A part of the generated data frame is shown below. AnalyseUmaData_160105.jpg

Gender, date of birth, trainer, owner, producer, auction transaction price, father, mother and father are likely to affect the POG period prize money.

As it is, the date of birth and the auction transaction price are difficult to handle, so I will mold it a little.

AnalyseUmaData_160105.ipynb



import datetime

#Birthday=>Year of birth, month of birth
birth_y = masta_df[u'Birthday'].dropna().map(lambda x: datetime.datetime.strptime(x.encode('utf-8'), '%Y year%m month%d day').strftime('%Y'))
birth_y.name = u'Year of birth'
birth_m = masta_df[u'Birthday'].dropna().map(lambda x: datetime.datetime.strptime(x.encode('utf-8'), '%Y year%m month%d day').strftime('%m'))
birth_m.name = u'Birth month'
df = pd.concat([masta_df, birth_y, birth_m], axis=1)

#Auction transaction price character string=>Quantify
df[u'Auction transaction price'] = masta_df[u'Auction transaction price'].fillna('-1')
df[u'Auction transaction price'] = df[u'Auction transaction price'].dropna().map(lambda x: x.replace(',', ''))
df[u'Auction transaction price'] = df[u'Auction transaction price'].dropna().map(lambda x: int(x.split(u'Ten thousand yen')[0]))

df[:10]

AnalyseUmaData_160105.jpg

The date of birth was divided into the year of birth and the month of birth.

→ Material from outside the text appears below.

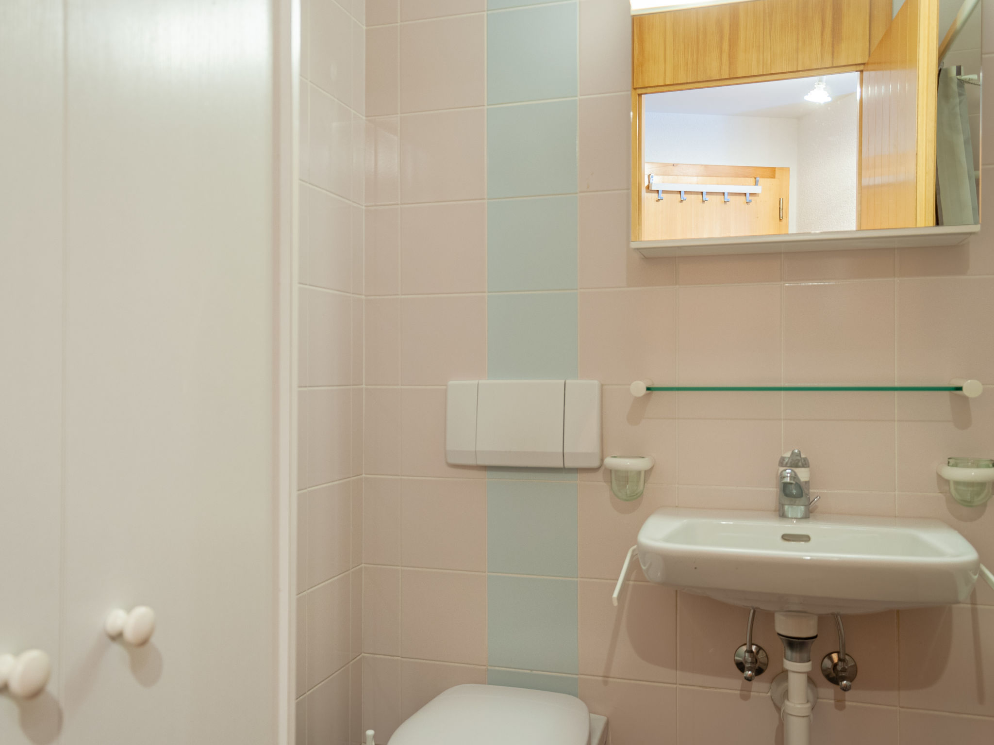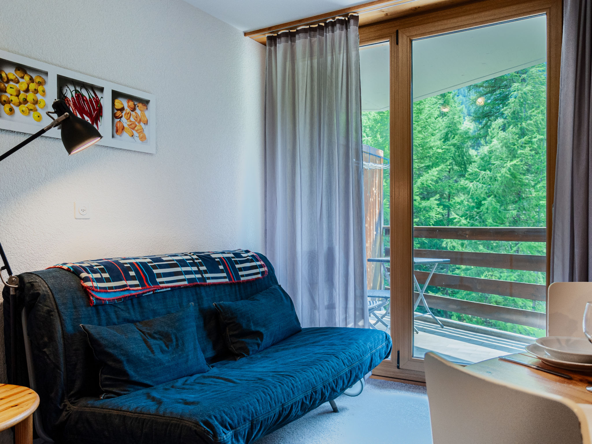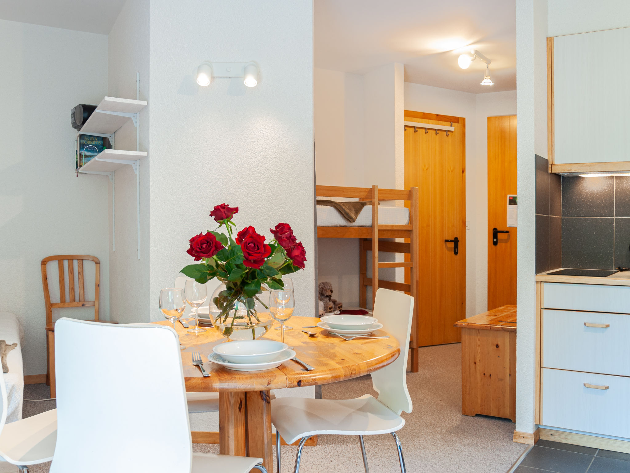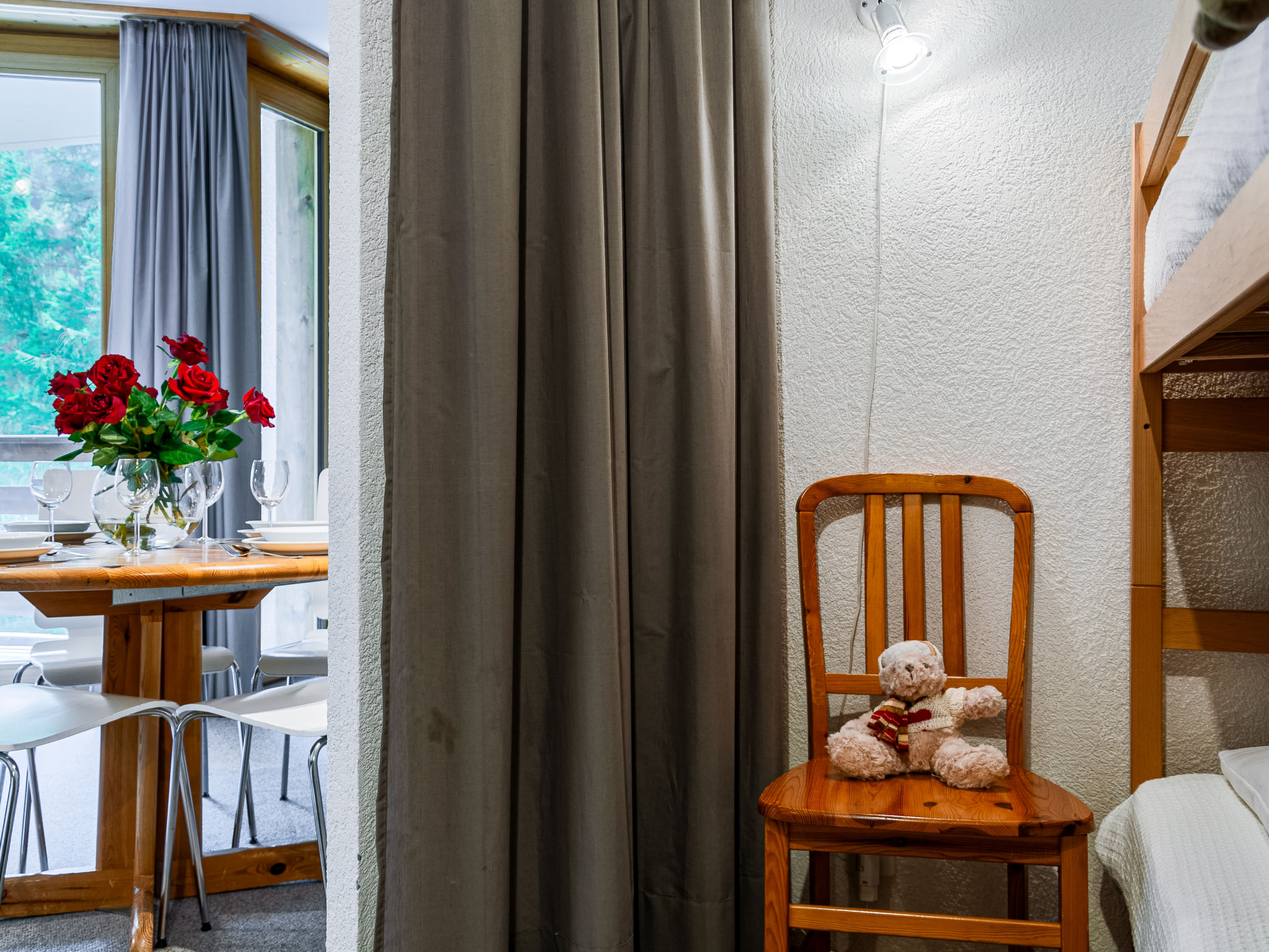 "Mont Fort 43", 1-Zimmer-Wohnung 35 m2 im 4. Stock. Sehr einfach eingerichtet: Wohn-/Esszimmer mit 1 franz. Bett (160 cm, Länge 200 cm), Radio und CD. Eingang mit 1 x 2 Etagenbetten (80 cm, Länge 190 cm). Bad/WC. Balkon, Südostlage. Bitte beachten: Nichtraucher-Haus. Anstelle eines abgeschlossenen Schlafzimmers befinden sich manche Schlafplätze in einem offenen Bereich (Galerie, Nische etc.).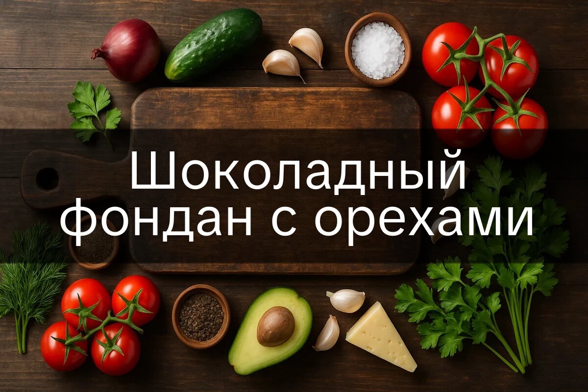 Этот шоколадный фондан с орехами отличается мягкой текстурой и насыщенным вкусом, который идеально подходит для романтического вечера или особого случая. Его приготовление не требует много времени, но результат впечатляет своей изысканностью и гармонией вкусов. Порций: 2Время: 30 минСложность: средне ккал Белки Жиры Углеводы На блюдо 900 ккал 12 г белков 50 г жиров 100 г углеводов На 100 г 150 ккал 2 г белков 8.3 г жиров 16.7 г углеводов На порцию 450 ккал 6 г белков 25 г жиров 50 г углеводов

Now the auction transaction price, year of birth, and month of birth can be handled as numerical data.

analysis

Let's start the analysis immediately. As a result of trial and error, the data aggregation script settled in the following form.

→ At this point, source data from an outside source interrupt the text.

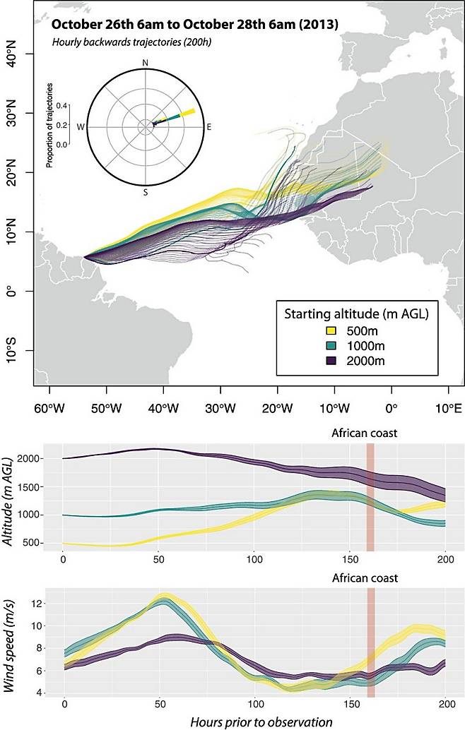 우선 연구팀은 이 나비가 도착하기 전 바람의 궤적을 시뮬레이션했다. 서아프리카에서 대서양을 횡단하기 딱 좋은 바람이 불 때 나비들이 건너왔을 가능성이 대두됐다. 기아나에 도착한 작은멋쟁이나비 일부의 게놈 배열을 분석, 전 세계의 다른 개체와 비교하면서 장거리 비행한 개체들이 아프리카나 유럽 개체들과 근연종인 사실이 밝혀졌다.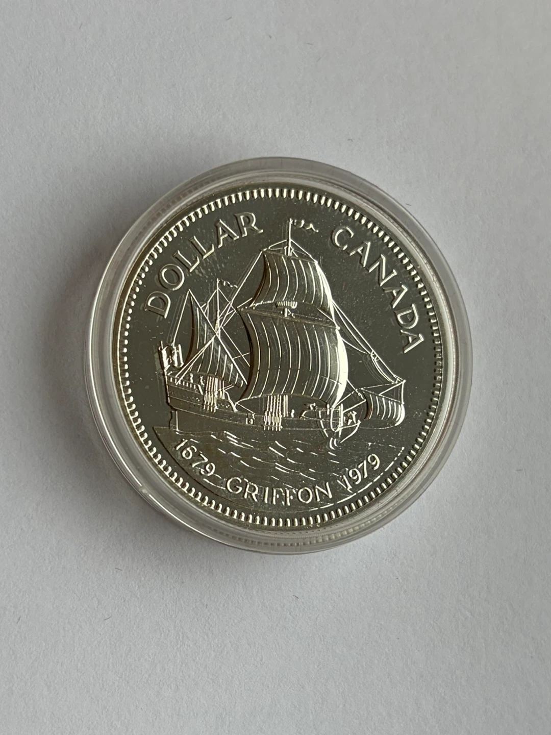 Selling a 1979 Canadian silver dollar coin featuring The Griffon ship. It's in great condition and comes in its original case. A nice addition to any coin collection!
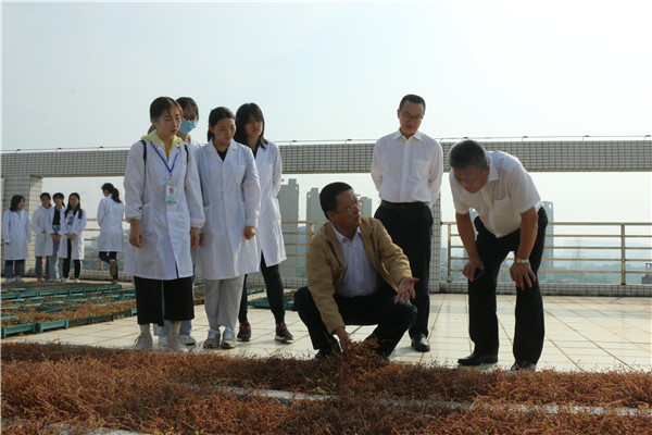 专家组进入学校创新创业园区实地考察(肖凌 摄)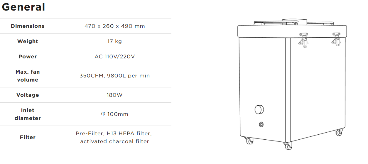 Lightweight, compact, and designed to keep your air clean for your creative journey. No need to extract externally.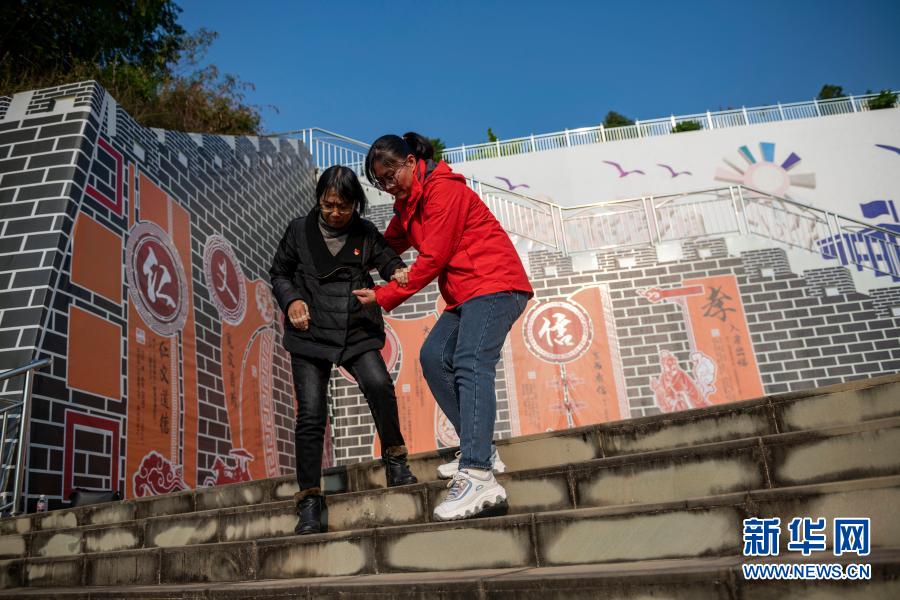 一名老師攙扶張桂梅(左)下臺階(11月30日攝)。新華社發(fā)(陳欣波 攝)

AnalyseUmaData_160105.ipynb


import numpy as np

#Explanatory variable
param_l = [u'sex', u'Birth month', u'Trainer', u'Horse owner', u'Producer', u'father', u'母father']

#Objective variable
prize_l = [u'POG period prize_half period',u'POG period prize_Year-round']

#Setting
param = param_l[0]
prize = prize_l[1]
pts_filter = 5
prize_filter = 1000 #Prize filter

#Aggregate
ser_ave = df.groupby(param).mean()[prize]
ser_ave.name = u'prize>=0_ave'
ser_std = df.groupby(param).std()[prize]
ser_std.name = u'prize>=0_std'
ser_pts = df.groupby(param).size()
ser_pts.name = u'prize>=0_pts'
ser_fave = df[df[prize]>=prize_filter].groupby(param).mean()[prize]
ser_fave.name = u'prize>=%d_ave' % prize_filter
ser_fstd = df[df[prize]>=prize_filter].groupby(param).std()[prize]
ser_fstd.name = u'prize>=%d_std' % prize_filter
ser_fpts = df[df[prize]>=prize_filter].groupby(param).size()
ser_fpts.name = u'prize>=%d_pts' % prize_filter
ser_fper = (df[df[prize]>=prize_filter].groupby(param).size()/df.groupby(param).size()).map(lambda x: float(x)*100)
ser_fper.name = u'prize>=%d_pts / prize>=0_pts [%%]' % prize_filter
result = pd.concat([ser_ave, ser_std, ser_pts, ser_fave, ser_fstd, ser_fpts, ser_fper],axis=1)
result.index.name = '%s_%s' % (param, prize)
result = np.round(result.sort_values(by=ser_fper.name, ascending=0),2)
result[result[ser_fpts.name] >= pts_filter][:10]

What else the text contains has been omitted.